BitBucket Integration
brunobotelhobr opened this issue · comments
I'm trying to integrate Horusec on BitBucket.
But I need help when creating container tools of analysis.
Bitbucket gave me this error:
Error when creating a container of analysis: " error=" Error response from daemon: authorization denied by plugin pipelines: --mounts is not allowed"
It seems like Bitbucket does not support --mount
. It just supports --volume
.
If I manually trigger a container with --volume
, it works (docker run -v=$BITBUCKET_CLONE_DIR:/test ubuntu
).
This is the code that I'm using on the integration,
image: ubuntu
clone:
depth: full
pipelines:
branches:
master:
- step:
name: SAST
image: docker:19.03.0-dind
script:
- docker ps
# Test --volume with ubuntu, works
- docker run -v=$BITBUCKET_CLONE_DIR:/test ubuntu
- set -eux
- apk add --no-cache curl sudo bash git jq
- curl -fsSL https://raw.githubusercontent.com/ZupIT/horusec/main/deployments/scripts/install.sh | bash -s latest
- horusec --log-level="trace" start -P $BITBUCKET_CLONE_DIR -p $BITBUCKET_CLONE_DIR
services:
- docker
What would you like to be added:
A Custom command flag to customize how horusec provides the code for external tools like phpcs ( use --mount
or --volume
).
Why is this needed:
Bitbucket is a well used tool, without this I cant figureout a way to use horusec on it.
Execution Log:
+ horusec start -P $BITBUCKET_CLONE_DIR -p $BITBUCKET_CLONE_DIR
time="2023-01-26T19:15:24Z" level=warning msg="{HORUSEC_CLI} When starting the analysis WE SKIP A TOTAL OF 75 FILES that are not considered to be analyzed. To see more details use flag --log-level=debug"

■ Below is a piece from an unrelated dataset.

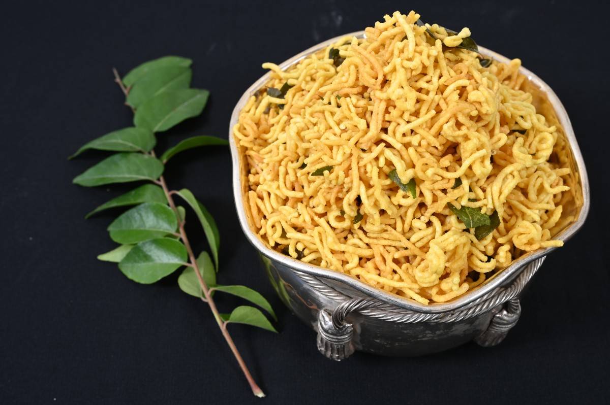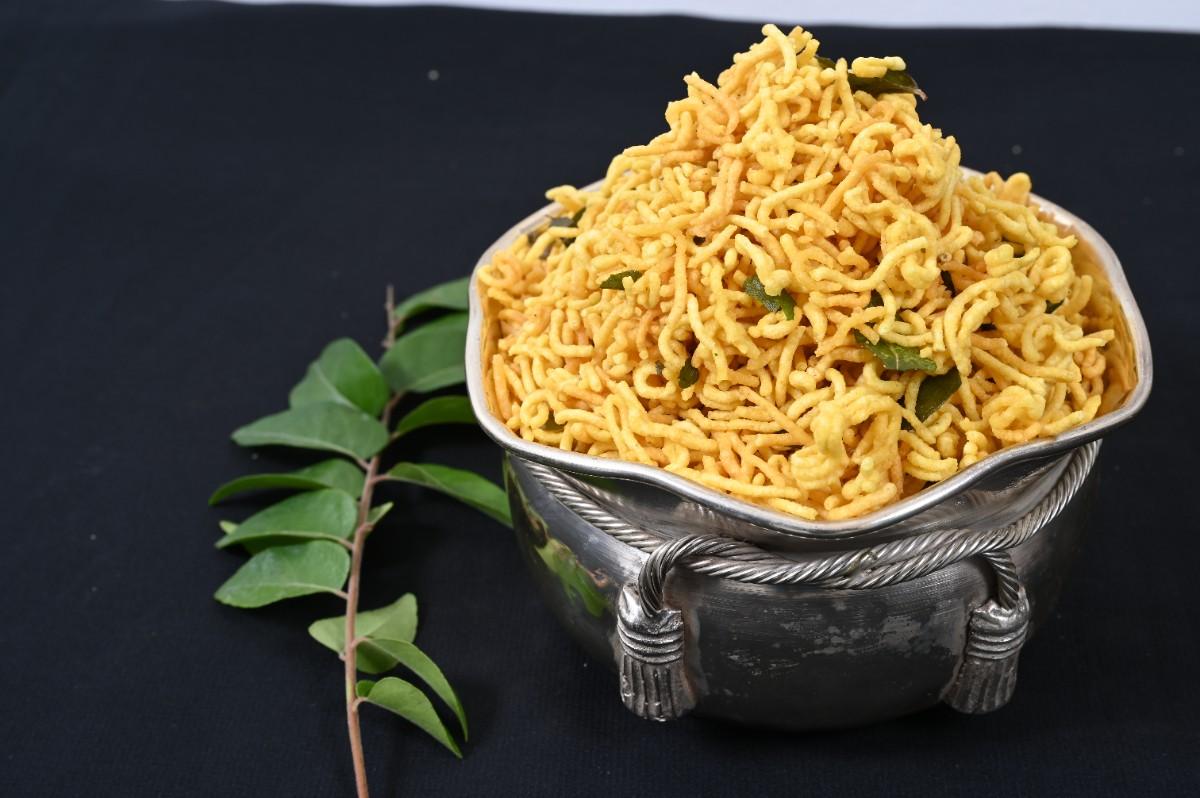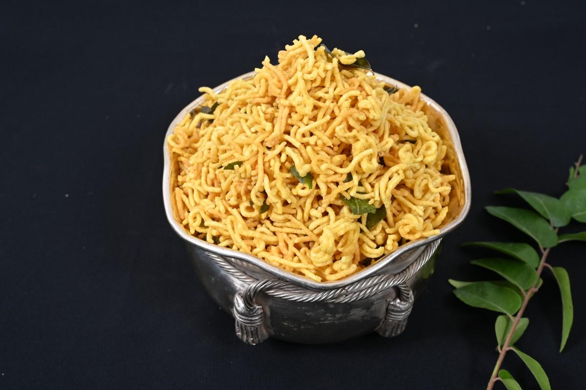 Gram Flour (Besan), Edible Vegetable Oil, Salt, Ajwain (Carom Seeds / Omam), Curry Leaves, Turmeric Powder.

time="2023-01-26T19:15:24Z" level=warning msg="Horusec will return a timeout after 600 seconds. This time can be customized in the cli settings."
time="2023-01-26T19:15:24Z" level=warning msg="{HORUSEC_CLI} PLEASE DON'T REMOVE \".horusec\" FOLDER BEFORE THE ANALYSIS FINISH! Don’t worry, we’ll remove it after the analysis ends automatically! Project sent to folder in location: [/opt/atlassian/pipelines/agent/build/.horusec/f5b4fb4c-b666-44db-9ce5-74fb18d3da16]"
⣾ Scanning code ...
....
⣻ Scanning code ...time="2023-01-26T19:15:31Z" level=error msg="{HORUSEC_CLI} Error when create container of analysis: " error="Error response from daemon: authorization denied by plugin pipelines: --mounts is not allowed"
⢿ Scanning code ...
⡿ Scanning code ...time="2023-01-26T19:15:32Z" level=error msg="{HORUSEC_CLI} Error when create container of analysis: " error="Error response from daemon: authorization denied by plugin pipelines: --mounts is not allowed"
Evidences
It seen like horusec is using --mount
, Bit bucket do not support this.
I'm having the same problem...
Is there a chance of fix this in a future version?
I'm having the same problem !!
Is there a chance to fix this at some point?